A l’occasion de la commémoration des 200 ans de la naissance de Charles Baudelaire, notons plusieurs livres parus autour de ce poète à compter parmi les plus emblématiques de la poésie française… même s'il n’écrivit finalement pas énormément de vers en dehors de ses célèbres Fleurs du mal (1857).
La collection de poche de Gallimard, Folio, réédite ce chef-d’œuvre littéraire dans une version inhabituelle, sans commentaire ni annotations, mais illustrée de photographies florales par Mathieu Trautmann. Reliure cousue, couverture semi-rigide, typographie anguleuse, vintage et argentée (un côté Dr. Calligari). Ces particularités teintent la (re)lecture de ce classique d’une atmosphère délicatement dérangeante, "gothique", presque vampirique.
Au même format, mais dans une présentation plus habituelle et à petit prix, Folio propose aussi De l’essence du rire (et autres textes), où on découvre Baudelaire critique d’art, commentant les réalisations de caricaturistes qui lui sont contemporains, tels Daumier, Gavarni, Hogarth ou encore Grandville… qu’il n’épargne pas ! La personnalité volontiers acerbe, provocatrice, souvent détestable qu'il affiche donne d’autant plus de crédit à une biographie romancée et truculente que lui consacre Jean Teulé. Elle s'intitule Crénom, Baudelaire !, en référence à la seule exclamation que le poète était encore capable d'articuler avant de rendre l'âme, et c'est paru aux éditions Miallet-Barrault. Une très bonne version en livre audio, lue par l'acteur Dominique Pinon, a quant à elle été publiée par Gallimard.
Ancien journaliste, bédéiste et actuellement écrivain, Teulé n’en est pas à son premier coup d’essai dans ce type d’exercice, puisqu'il a déjà consacré des bouquins à Rimbaud, Verlaine ou encore Villon… Les puristes reprocheront au romancier d’encore une fois forcer le trait pour donner à son sujet un parfum de scandale contemporain. Mais à la fois, les éléments sulfureux véridiques ne manquent pas dans la vie de Baudelaire, véritable punk avant la lettre, excentrique dans ses looks, excessif dans sa consommation de drogues, pervers dans ses rapports avec les femmes. Jean Teulé s'empare de ces éléments et comble bien sûr les trous de l’Histoire avec des scènes à l'avenant. Celles-ci ont donc possiblement existé, cohérentes avec les documents d'archives et témoignages dont nous disposons, mais sont quand même issues de son imagination. Et l'imagination de Teulé se délecte de ce qui est outrancier, drôle et grinçant. Il restitue de manière très crédible la personnalité aussi haute en couleurs que peu affable de Charles Baudelaire, au point que, comme ses amis, on s’y attache, par curiosité ou par pitié. Et puis il y a la non-moins importante réinvention de Jeanne Duval, cette métisse dont on ne sait pratiquement rien, sinon qu'elle fût sa muse et compagne... avec qui tout fût compliqué et évidemment rien ne pût être officialisé.

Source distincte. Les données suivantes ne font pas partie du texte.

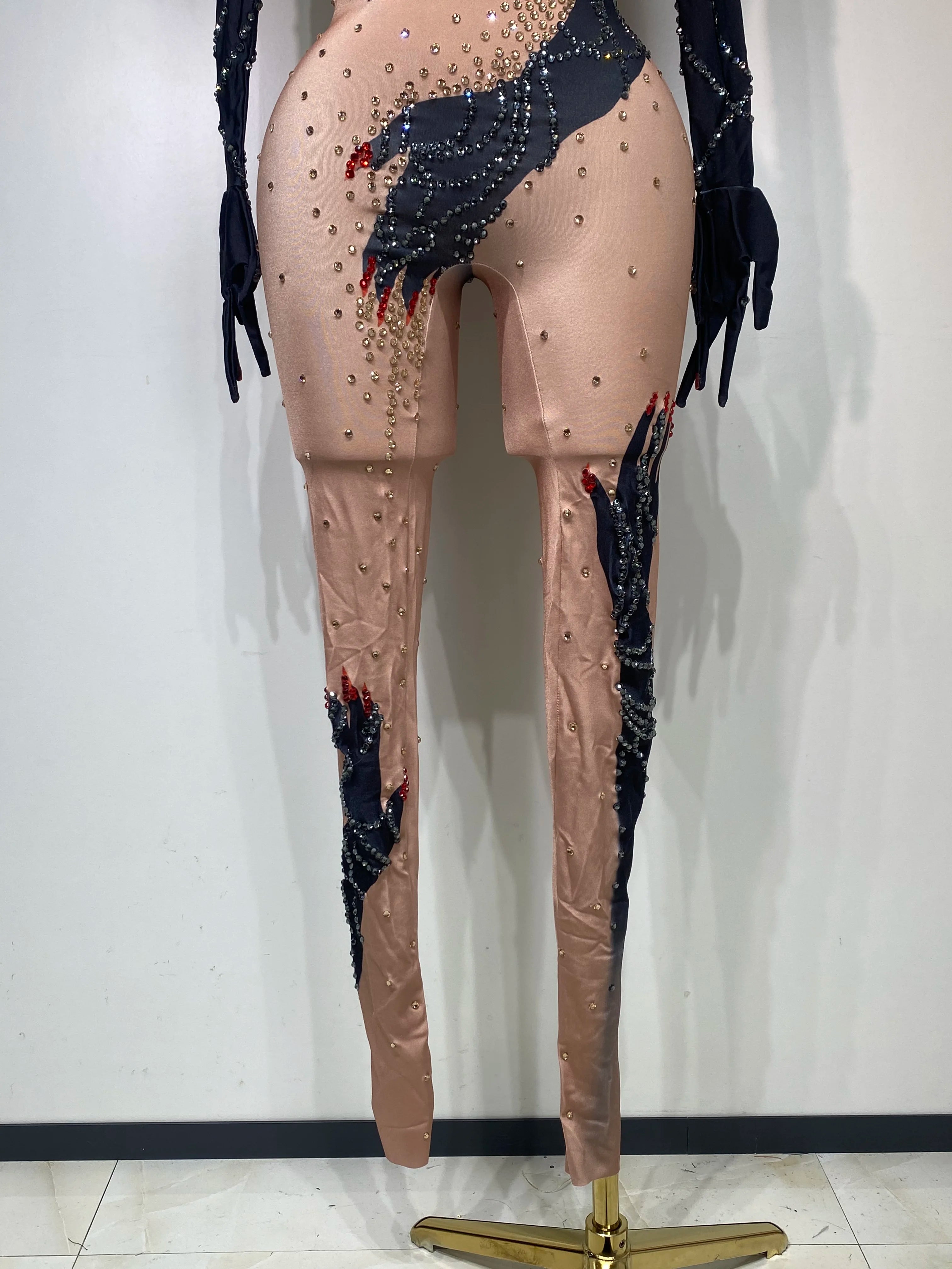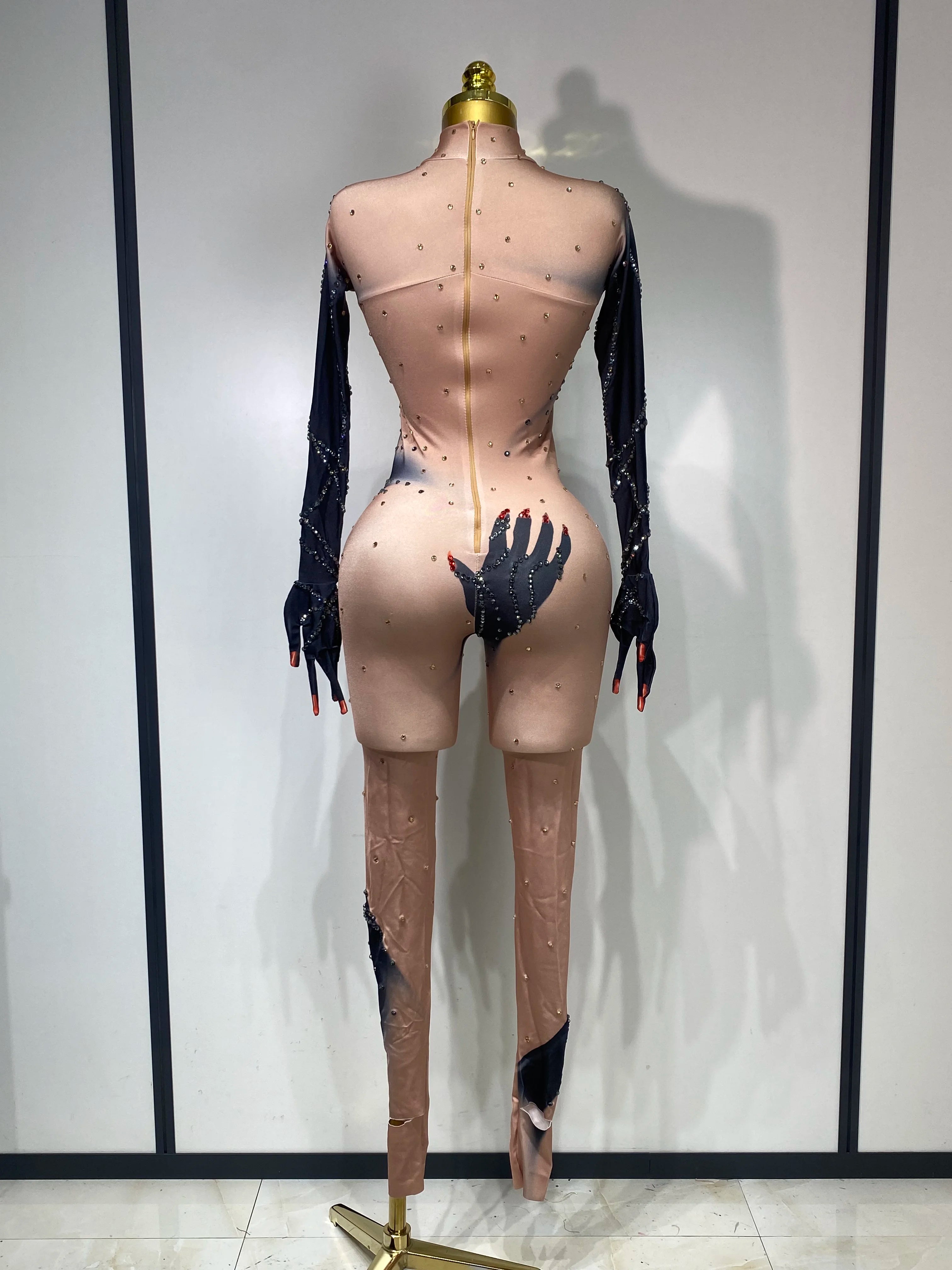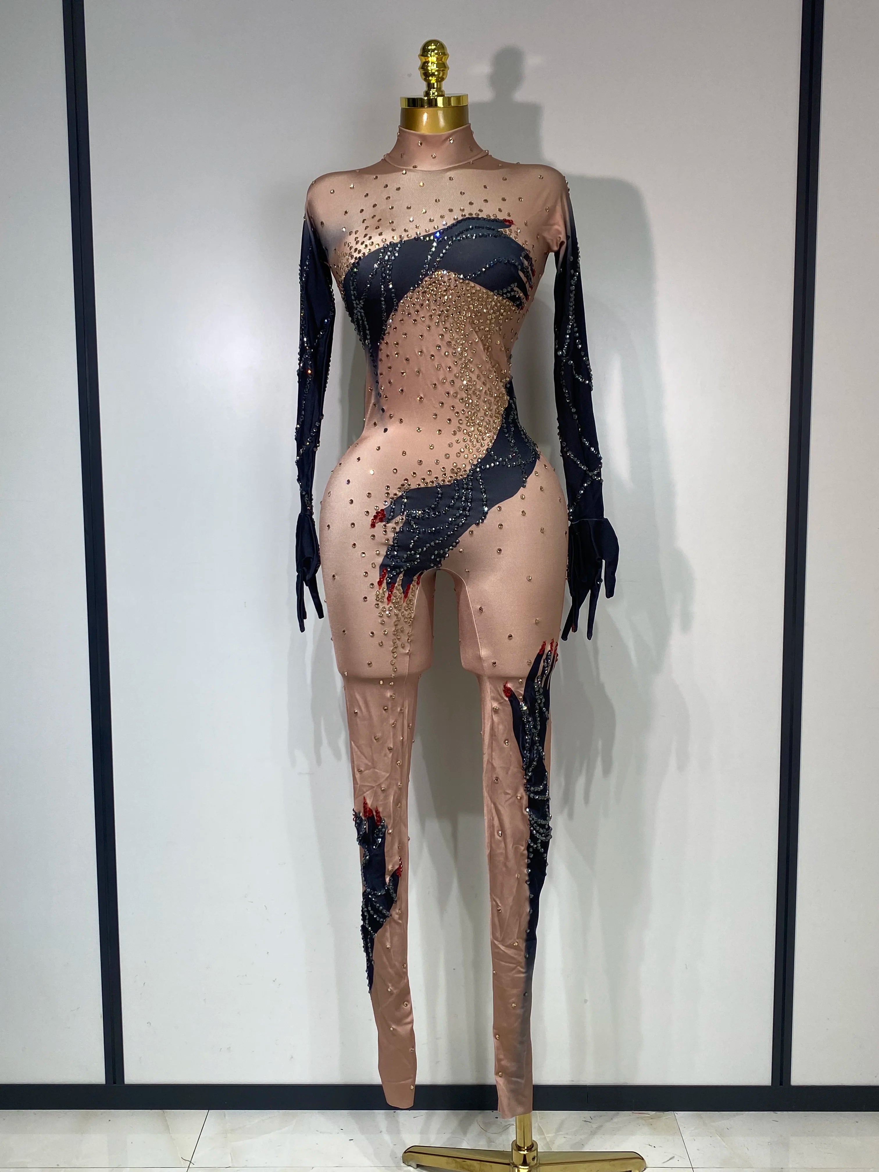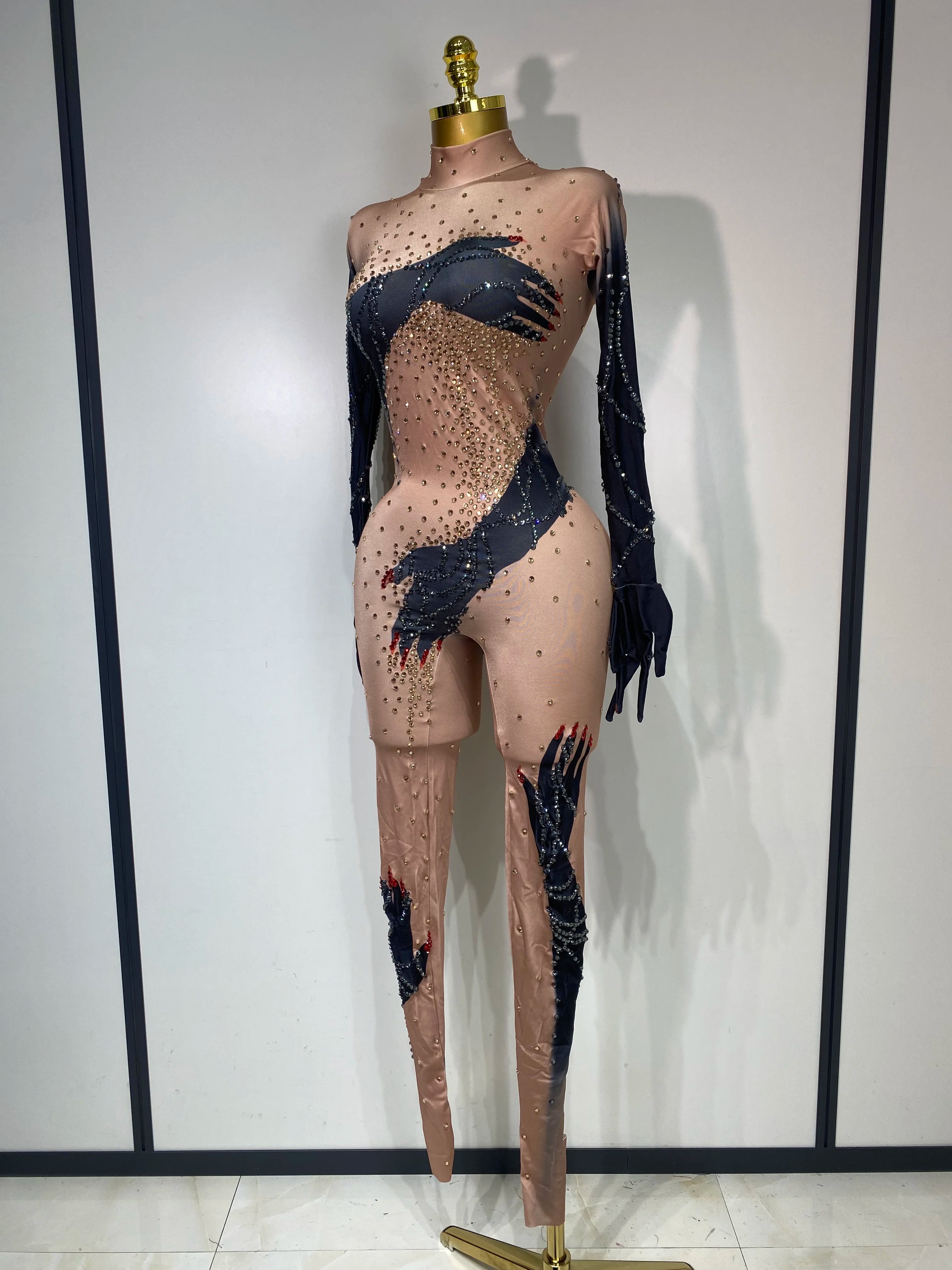 Novalyn Sparkly Rhinestones Bodycon Jumpsuit Nightclub Evening Party Outfit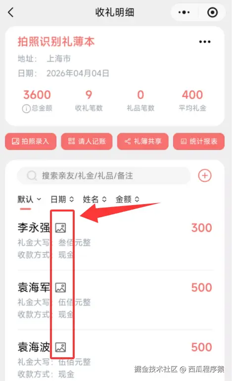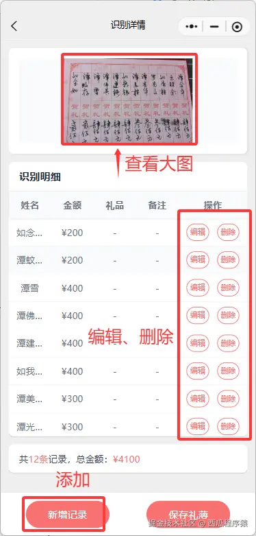保存后可以在记了么小程序端在礼薄本-收礼明细,从识别记录保存的礼薄可以点击查看大图,方便主家核对。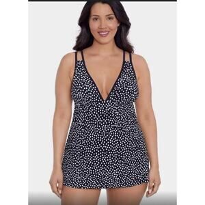 New NWT Trimshaper One Piece Plus Size Polka Dot Swimsuit Dress 18 Black White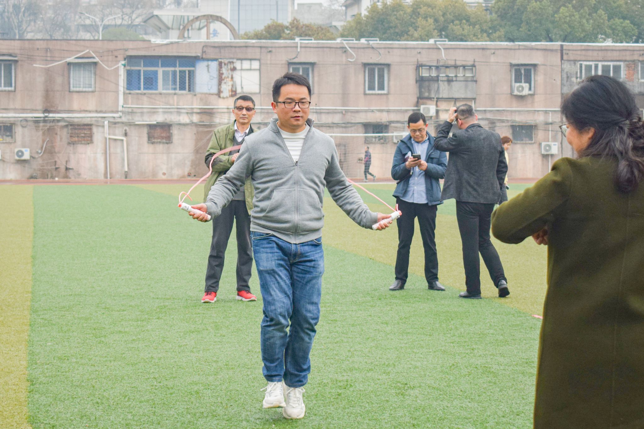 随着哨声响起,跳绳比赛开始了。纵身跃起,绳子稳稳地从身下甩过,只见老师们飞快地舞动手中的绳子,脚尖同地面不断触碰。比拼速度,收获友谊,操场上洋溢着老师们满满的喝彩声。

Dans un autre ouvrage, une bande dessinée cette fois, Bernard Yslaire lui aussi se penche sur cette idylle, rendant - dès le titre - justice à cette dame qui inspira tant de poèmes puissants. Celle qui est surnommée ici Mademoiselle Baudelaire semble particulièrement stimuler le créateur de Sambre et du Siècle d’Eva. Jeanne Duval revêt ici une identité différente, moins ingrate, que la vision qu'en donne le roman Crénom, Baudelaire !. Contrairement à Teulé aussi, Yslaire n'use d'aucun humour - ni noir, ni jaune - mais bien de ce don, une fois de plus, de magnifier un amour tragique et des vies sordides grâce à la sensualité (torride), l'esprit romantique (au sens littéraire) et la beauté formelle de ses pages.
Mademoiselle Baudelaire est édité dans la collection Aire Libre des éditions Dupuis.